謝知雪說著就爬起來,卻被沈婉兒攔住,“知雪,都什麽時候了你還犯傻!”

“太子殿下進宮都快一個時辰了,再耽擱下去他就要回來了。到時你還怎麽離開太子府?聽我的趕緊跟我走!”

“那平安怎麽辦?”

“什麽怎麽辦?就扔在這兒啊!”

沈婉兒的眼神像看傻子似的,一臉恨鐵不成鋼。

謝知雪也同樣如此看看她,愣了幾秒重重甩開沈婉兒,後退好幾步。

她僵硬的搖搖頭,似乎不敢相信沈婉兒那麽溫柔善良的人,居然會說出這麽殘忍的話。

“婉兒,平安是我的兒子,是我唯一的兒子!”

“我知道,可你現在找不到他了!”

沈婉兒快步過去,用力搖晃著謝知雪的肩膀,“知雪,你可別犯傻!這是你唯一一個離開太子府的機會,難道你要因為平安放棄嗎?”

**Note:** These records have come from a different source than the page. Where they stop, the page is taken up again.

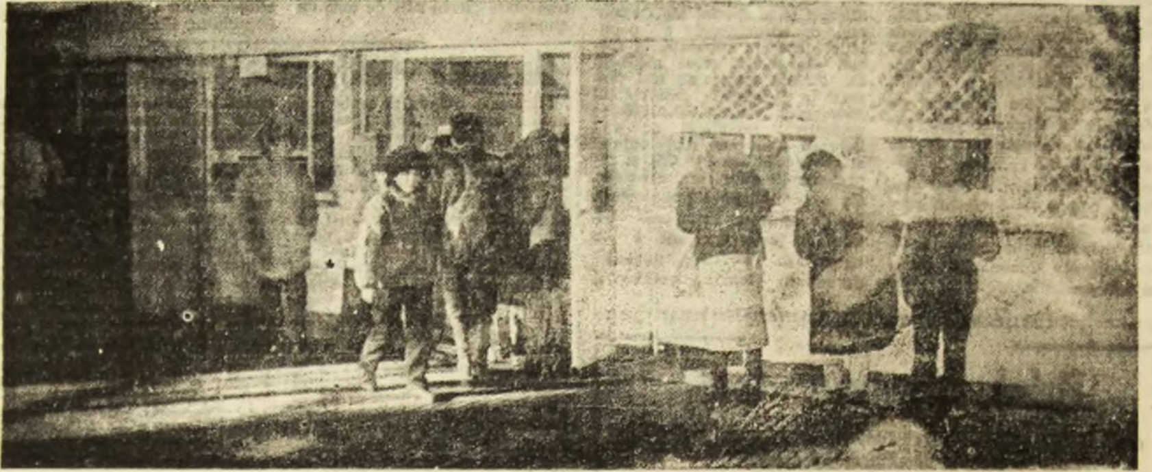
Pagină realizată de Sorin OPREA Dorel NEAMȚU

Orice s-ar spune, imaginea pieței reflectă cu prisosință nivelul de trai și gradul de civilizație al unui popor. Cantitatea, calitatea și prețul produselor dau imaginea finală a felului în care știm să trăim. Eforturile noastre actuale sînt îndreptate spre a crea o imagine civilizată pieței noastre, în rezonanță cu pretențiile unui comerț modern.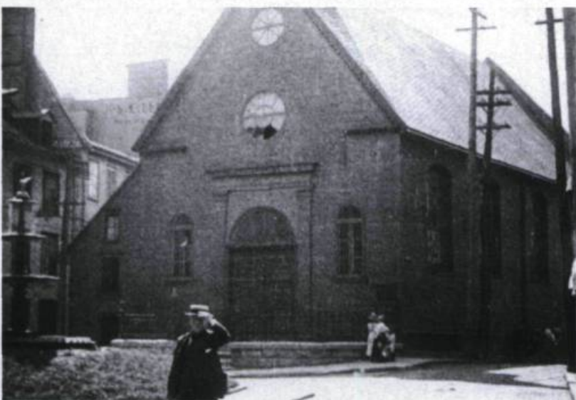
Quelques scènes tirées d'un film sur la ville de Québec en 1918. (Archives de la Cinémathèque québécoise).

avons retrouvé le film dans lequel elle avait tourné en 1912, A Sailor's Heart , et en 1981 nous avons présenté publiquement ce film en présence de l'actrice principale, alors âgée de 85 ans! Nous avons obtenu la collaboration du Château Frontenac qui a accepté gracieusement de loger à nouveau Blanche Sweet, et nous avons même réussi, grâce au curé d'une paroisse de l'île d'Orléans, à dénicher une famille québécoise typique, pour offrir à Blanche Sweet un repas québécois inoubliable, avec bien sûr des pommes de terre bouillies!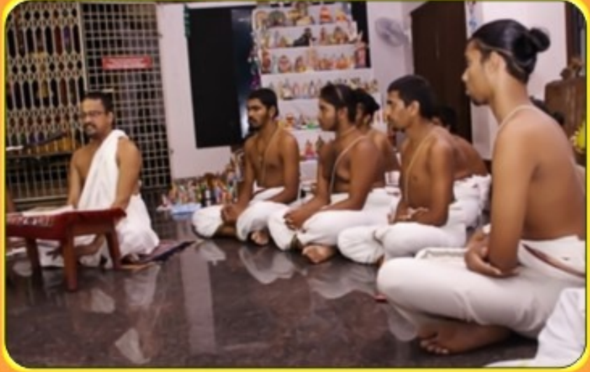
நவராத்திரி - மதுரபுர் ஆஸ்ரமம் - உபன்யாசம்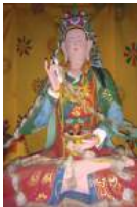
ཨམ་ནོར་བཟང་རྒྱལ་མོའི་སྐྱེ་འདྲ།

གཞི་བདག་གསོལ་མཆོད་ཀྱི་ དམ་བཞག་ནང་ལས། (དཔར་ལོ་མེད་ཤོག་གངས་ ༥པར་) “ཀྱི་། སྟོན་ཆེ་ རིག་འཛིན་པ་རྣམས། །དབང་བསྐྱར་དམ་ལ་བཏགས་པ་ནི། །བསྟན་པ་བསྐྱར་བར་བཀའ་བསྐྱོས་པའི། །དམ་ བཅའ་མ་གཡེལ་འཕྲིན་ལས་མཛོད། །བར་དུ་ཐང་སྟོང་རྒྱལ་པོ་དང་། །འབྲུག་སྐྱོ་དོ་རྩེ་ལ་སོགས་གྱིས། །འགྲོ་ལ་ སན་བདེ་སྐྱབ་པ་རུ། །བསྐྱོས་པའི་ཐཱ་ཆོག་བྲམ་པར་མཛོད། །ད་ལྟ་ནལ་འབྱོར་བདག་ཅག་གིས། །མཆོད་བསྟོད་ དམ་ཆོག་བྲན་ལགས་ན། །དམ་ལུན་བྱ་བཞིན་སྟོང་བ་དང་། །སྤྱིན་བདག་བསམ་དོན་གྲུབ་པར་མཛོད།” ཟེར་ དེ་སྟེ་ཐོན་དོ་བཟུམ་སྟེ་སྟོན་ཆེ་རིག་འཛིན་པ་རྣམས་འགྲུབ་པར་མཛོད།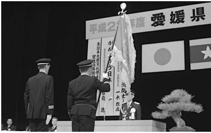
愛媛県消防協会長 表彰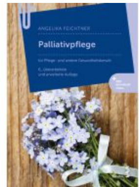
Palliativpflege Ladenpreis: 38,90EUR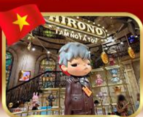
popmart บานาฮิลล์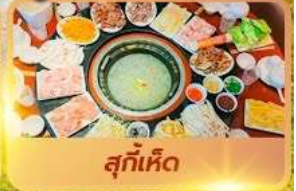
สุกี้เด็ด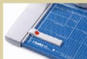
Tope posterior variable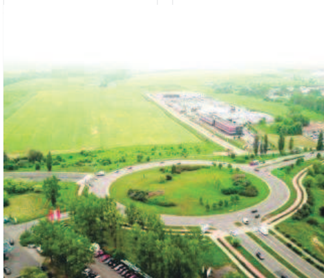
Rondo Hakena, stąd rozpocznie się nowa obwodnica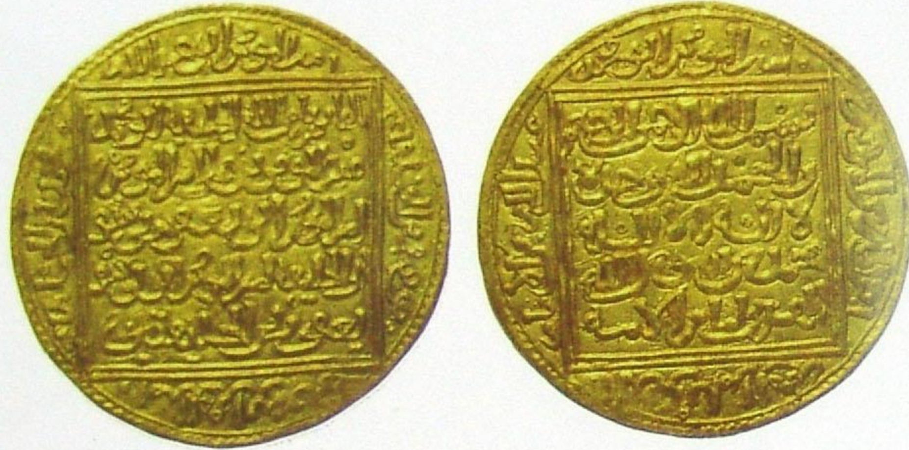
دينار بنو حفص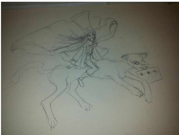
Kuva 5: Hahmotelma seinälle

Kun lyijykynällä olimme hahmotelleet seinän kokonaisuudessaan, aloitimme maalaamisen. Nuoret maalasivat innokkaasti, mutta koska maalit olivat melko voimakkaan hajuisia, kaksi nuorta lähti pois maalinkärystä, ettei se aiheuttaisi päänsärkyä. Painotimme myös nuorille, että pitäisivät välillä taukoja ja kävisivät vaikka pihalla, ettei maalien haju kävisi liian voimakkaaksi. Olimme myös avanneet ikkunoita, jotta ilma vaihtuisi. Kaksi nuorta, jotka jäi maalaamaan, maalasi koko loppuajankin. Aika meni todella nopeasti ja nuoretkaan eivät huomanneet, että taideteoksen maalaamiseen varattu aika oli loppunut. He olisivat vielä halunneet jäädä maalaamaan.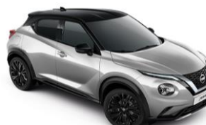
Ezüst / Fekete YAV - 300 000 Ft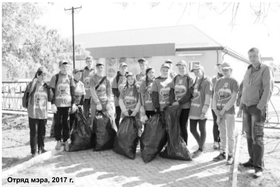
Отряд мэра, 2017 г.

Ребята каждой трудовой смены будут трудиться под руководством кураторов с педагогическим образованием. Уже ого-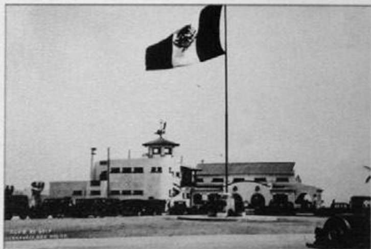
Club de Golf de Cuernavaca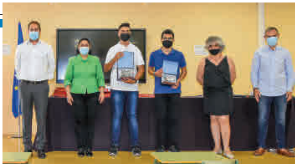
Los ganadores, junto a las autoridades locales

Ambos son estudiantes del IES Isaac Peral • Además recibieron un reconocimiento de manos del alcalde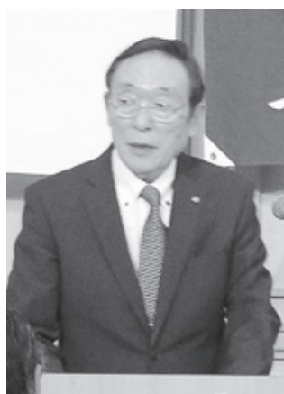
柏木商工連会長あいさつ

商工連は5月29日、松本市のホテルブ エナビスタにおいて平成30年度通常総会 を開催し、提出された平成29年度の事業 報告と決算等の議案はすべて承認されま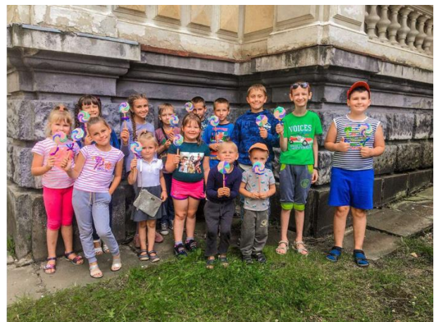
Sommerleir er gøy!

Spesielt for barn på barnehjem som kanskje ikke har noen andre tilbud hele sommeren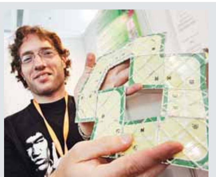
新加坡參展商MindStrat Puzzels帶來新產品「扭扭板」，玩者不停轉動扭扭板時，會呈現不同圖案。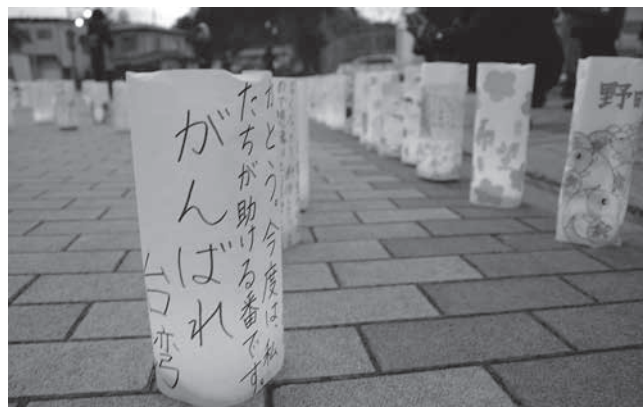
灯りに照らされた台湾へのメッセージ

キャンドルは株式会社トモスから寄贈いただいたもの。今年は、震災復興の想いととも、台湾地震被災者への応援の想いを込めて村内の児童・生徒が書いたメッセージとイラストを温かい灯りで照らし出していました。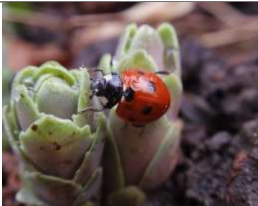
22/01, lieveheersbeestje achtertuin, Delfgauw. Pia Legerstee.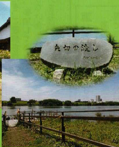
矢切の渡し渡船場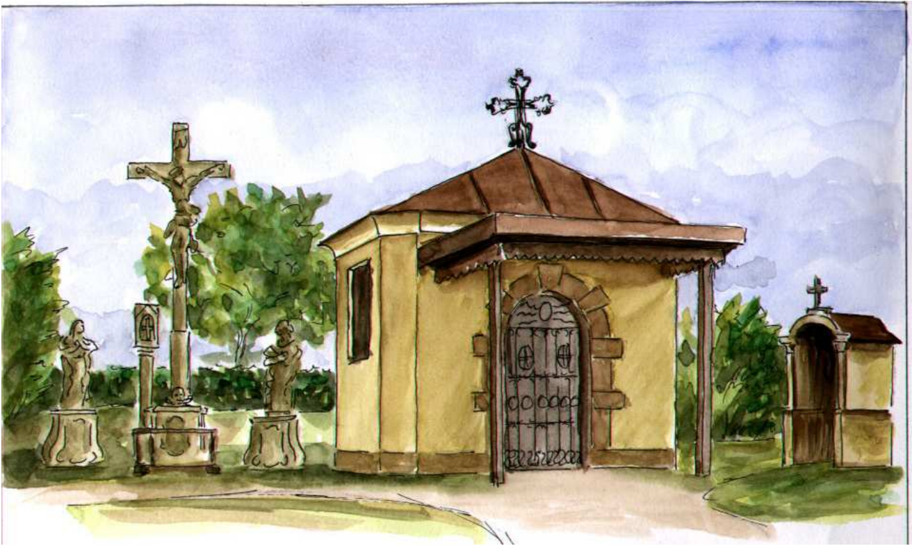
Aquarell von Roland Rottenberger

沈婉兒要氣死了,她的初衷就是想讓謝知雪離開太子府,平安隻不過是順帶的。

現在平安不見了又能怎樣?隻要謝知雪滾蛋就好了!

那個孽種本就不得宇文章喜歡,是個多餘的存在。

沒準謝知雪前腳一走,宇文章就將他掐死,一了百了。

到時謝知雪已遠走高飛,也不會知道此事,這不是兩全其美嗎?

可她現在卻為了這個孽種不願離開。

要不是為了維持所謂的姐妹情深,沈婉兒現在恨不得立刻給謝知雪兩巴掌讓她清醒點。

謝知雪喃喃搖頭,看似失神,眼神卻非常堅定。

“找不到平安我是不會離開的,他是我兒子,身為娘親豈能丟下孩子獨自苟活?我做不到!”

“夠了!”

沈婉兒冷冷一嗬,不再聽謝知雪廢話,朝暗處使了個眼色。

兩個家丁模樣的男人走過來,一左一右架起謝知雪朝外走去。

“放開我!你們放開我!”

“婉兒,你不能這樣對我!我走了平安怎麽辦?”

“他從小到大就沒離開過我,他一個人在太子府活不下去的!”

沈婉兒充耳不聞,眼神極度冷漠。

那個小孽種本來就不該活著,死了正好!

謝知雪哭的撕心裂肺,格外淒慘,令人心生不忍。

沈婉兒卻毫不動容。

“放開我!”

謝知雪奮力掙紮。

都說為母則剛,她突然爆發出前所未有的力氣掙脫兩個下人的束縛,轉頭就跑。

“抓住她!”

沈婉兒嚇了一跳,懊惱跺腳。

可那兩個家丁卻不敢向前。

因為謝知雪所去的方向,正是宇文章的院子。

即便他人不在太子府,但宇文章的住處仍有侍衛把守。

一旦有人誤闖,下場可想而知。

“賤人!我的計劃白白讓你毀了!”

沈婉兒死死咬牙,氣得要命,卻沒有一絲辦法。

今天說來也怪,平時想進太子府總得有正當理由,還得宇文章同意才行。

可今天沈婉兒大著膽子從後門進來時,她連理由都編好了,那門口的守衛卻連聽都不聽,直接就放行了。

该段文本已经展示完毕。